● **RECORD EXCERPTS**:
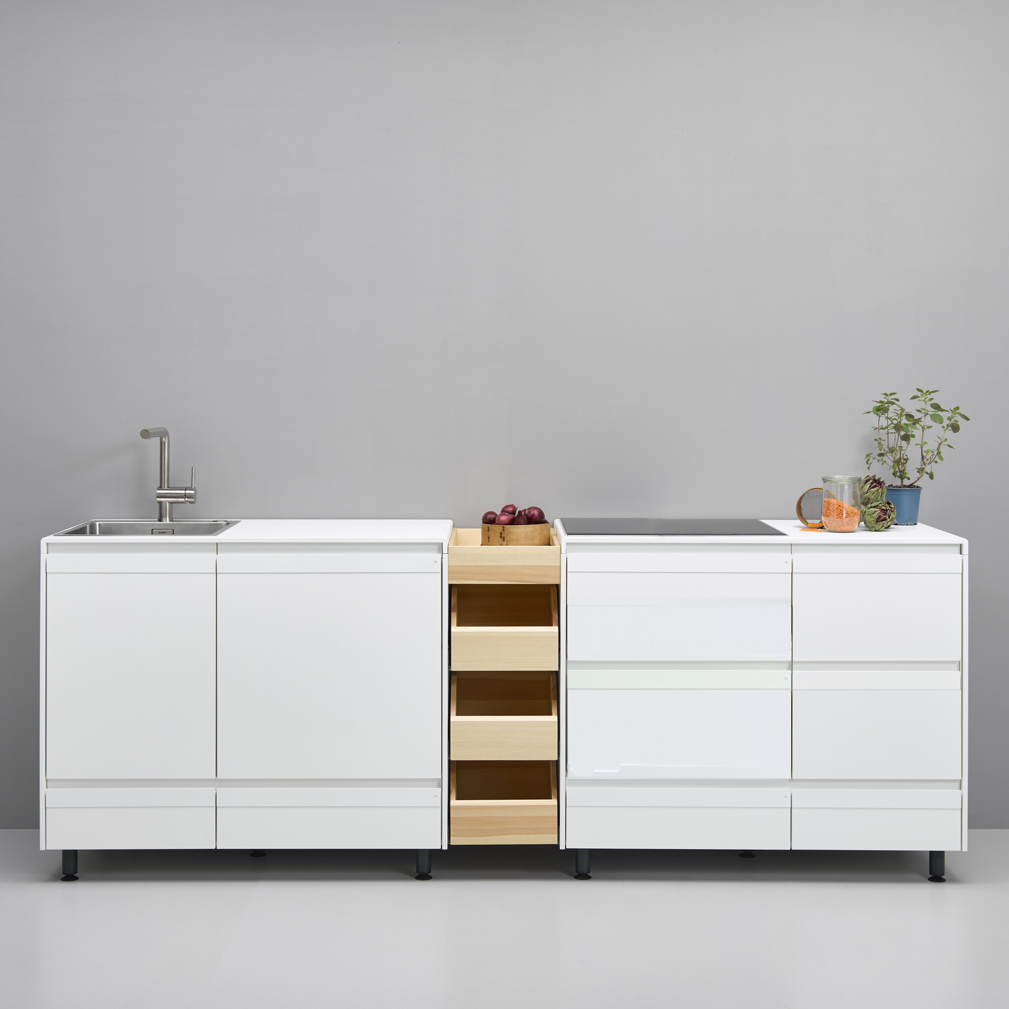 Discover the combination of the base module 108, featuring a sink and storage space, along with the base module 108 storage space 2, which is shown here with a 4-burner cooktop. An additional gap storage unit completes the set for a stylish kitchen.
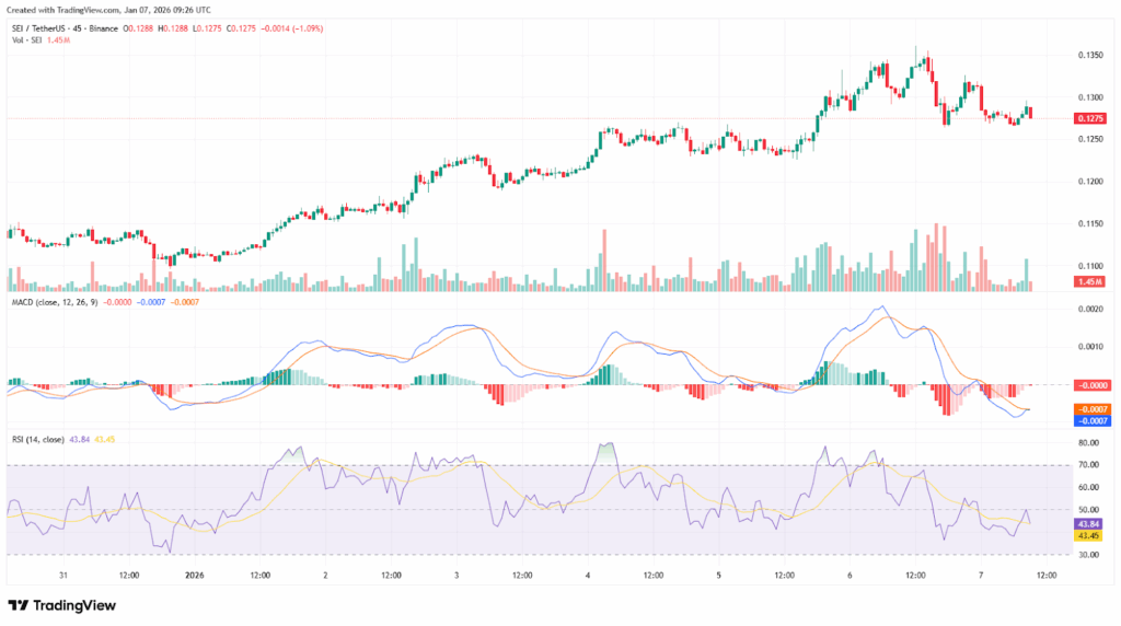 SEI/USDT交易对近期在0.127-0.129美元区间整固,价格从0.112美元附近稳步升至0.135美元峰值,形成渐高的高点与低点。突破性K线伴随放量,表明市场参与度强劲。MACD与RSI等动量指标显示热度降温而非趋势逆转。
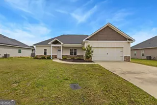 Welcome to this beautiful home in the Cottages at Blue Ridge subdivision in Bonaire, GA. Offering 1,916 square feet of thoughtfully designed living space, this home features an open split bedroom floor plan, high ceilings, and abundant natural light throughout. The spacious kitchen is a chef's dream, complete with granite counter tops, stainless steel appliances, and a large island that is perfect for entertaining. The living room is warm and inviting with coffered ceiling which help absorb sound and reduce noise levels and echoes in a room. There is an electric fireplace, plus newer luxury vinyl plank flooring throughout the main living areas. The primary suite provides a relaxing retreat with a barn door leading to a luxurious en suite bath and a huge walk in closet. Additional bedrooms are generously sized and offer flexibility for any lifestyle, with one ideal for a home office. A convenient mud bench is located at the garage entry. Step outside to enjoy the covered patio and fenced backyard, perfect for taking in Georgia's beautiful seasons. Conveniently located near Robins Air Force Base, top rated schools, shopping, and dining, this home is a must see. Don't miss your opportunity to make it yours.
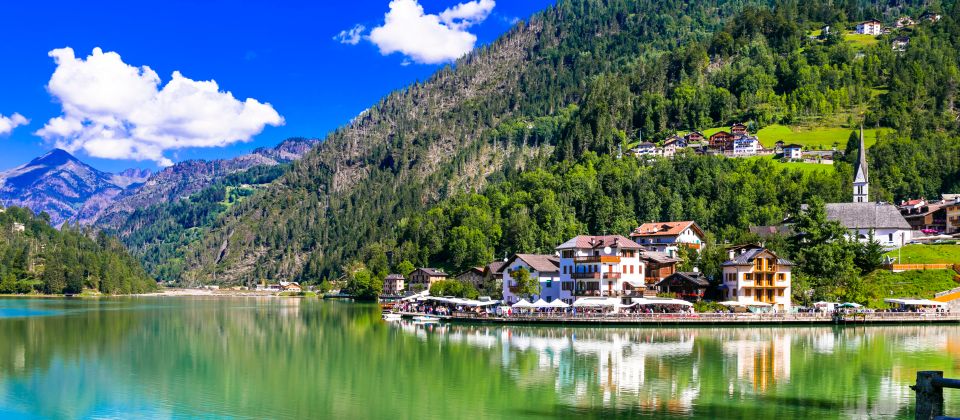 Der Ort Alleghe ist aber nicht nur ein Paradies für Bergsteiger. Mit seinen Hotels, Restaurants und kleinen Geschäften entlang des Ufers bietet er ein harmonisches Zusammenspiel aus alpinem Charme und moderner Gastlichkeit. Die Promenade am See lädt zu Spaziergängen ein, bei denen man den Sonnenuntergang über den Dolomiten genießen kann.
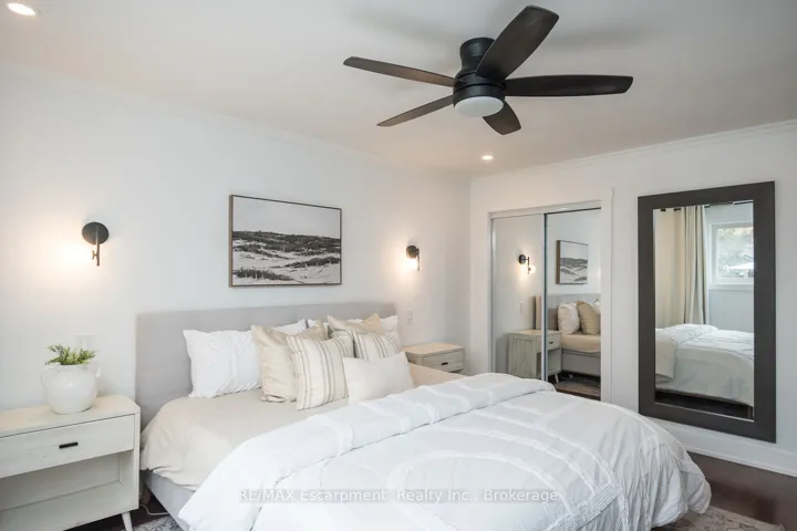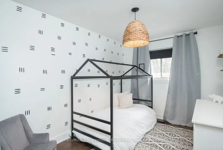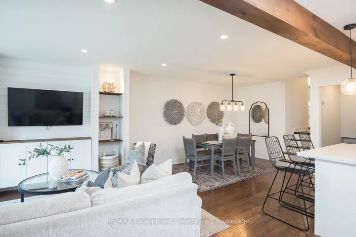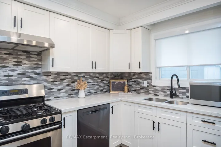 +"PublicRemarks": "Beautifully renovated, this four-level back split offers a functional, family-friendly layout with stylish updates throughout. The main level features an open concept living and dining area with smooth ceilings, pot lights, crown molding, and a shiplap feature wall with custom built-ins. The upgraded kitchen is complete with quartz countertops, white shaker cabinetry, stainless steel appliances. A large centre island provides breakfast bar seating for three and a convenient central vacuum kick sweep, while the coffee bar and additional pantry add both storage and function. Upstairs are three bedrooms and a fully renovated five-piece bathroom with a double sink vanity, stylish wall and floor tile, and updated hardware and fixtures. A custom walk-in hallway closet offers smart extra storage, and the bright primary bedroom features updated closet doors and abundant natural light. The finished lower level offers a spacious recreation area with large windows with the addition of a custom three-piece bathroom, showcasing a checkerboard tile floor, glass shower and stylish vanity and hardware for a fresh, modern look. The lowest level provides additional storage and a functional laundry area. Set on a quiet street in a family-oriented Burlington neighbourhood, with a lush, private and fully fenced backyard, this move-in-ready home offers exceptional value and appeal for today's buyer."

● **EXERCISE INSTRUCTIONS**: Write out the records once more, exactly as they stand, with no images.

● **RESULT OF THE TASK**:
 Discover the combination of the base module 108, featuring a sink and storage space, along with the base module 108 storage space 2, which is shown here with a 4-burner cooktop. An additional gap storage unit completes the set for a stylish kitchen.
 SEI/USDT交易对近期在0.127-0.129美元区间整固,价格从0.112美元附近稳步升至0.135美元峰值,形成渐高的高点与低点。突破性K线伴随放量,表明市场参与度强劲。MACD与RSI等动量指标显示热度降温而非趋势逆转。
 Welcome to this beautiful home in the Cottages at Blue Ridge subdivision in Bonaire, GA. Offering 1,916 square feet of thoughtfully designed living space, this home features an open split bedroom floor plan, high ceilings, and abundant natural light throughout. The spacious kitchen is a chef's dream, complete with granite counter tops, stainless steel appliances, and a large island that is perfect for entertaining. The living room is warm and inviting with coffered ceiling which help absorb sound and reduce noise levels and echoes in a room. There is an electric fireplace, plus newer luxury vinyl plank flooring throughout the main living areas. The primary suite provides a relaxing retreat with a barn door leading to a luxurious en suite bath and a huge walk in closet. Additional bedrooms are generously sized and offer flexibility for any lifestyle, with one ideal for a home office. A convenient mud bench is located at the garage entry. Step outside to enjoy the covered patio and fenced backyard, perfect for taking in Georgia's beautiful seasons. Conveniently located near Robins Air Force Base, top rated schools, shopping, and dining, this home is a must see. Don't miss your opportunity to make it yours.
 Der Ort Alleghe ist aber nicht nur ein Paradies für Bergsteiger. Mit seinen Hotels, Restaurants und kleinen Geschäften entlang des Ufers bietet er ein harmonisches Zusammenspiel aus alpinem Charme und moderner Gastlichkeit. Die Promenade am See lädt zu Spaziergängen ein, bei denen man den Sonnenuntergang über den Dolomiten genießen kann.
 +"PublicRemarks": "Beautifully renovated, this four-level back split offers a functional, family-friendly layout with stylish updates throughout. The main level features an open concept living and dining area with smooth ceilings, pot lights, crown molding, and a shiplap feature wall with custom built-ins. The upgraded kitchen is complete with quartz countertops, white shaker cabinetry, stainless steel appliances. A large centre island provides breakfast bar seating for three and a convenient central vacuum kick sweep, while the coffee bar and additional pantry add both storage and function. Upstairs are three bedrooms and a fully renovated five-piece bathroom with a double sink vanity, stylish wall and floor tile, and updated hardware and fixtures. A custom walk-in hallway closet offers smart extra storage, and the bright primary bedroom features updated closet doors and abundant natural light. The finished lower level offers a spacious recreation area with large windows with the addition of a custom three-piece bathroom, showcasing a checkerboard tile floor, glass shower and stylish vanity and hardware for a fresh, modern look. The lowest level provides additional storage and a functional laundry area. Set on a quiet street in a family-oriented Burlington neighbourhood, with a lush, private and fully fenced backyard, this move-in-ready home offers exceptional value and appeal for today's buyer."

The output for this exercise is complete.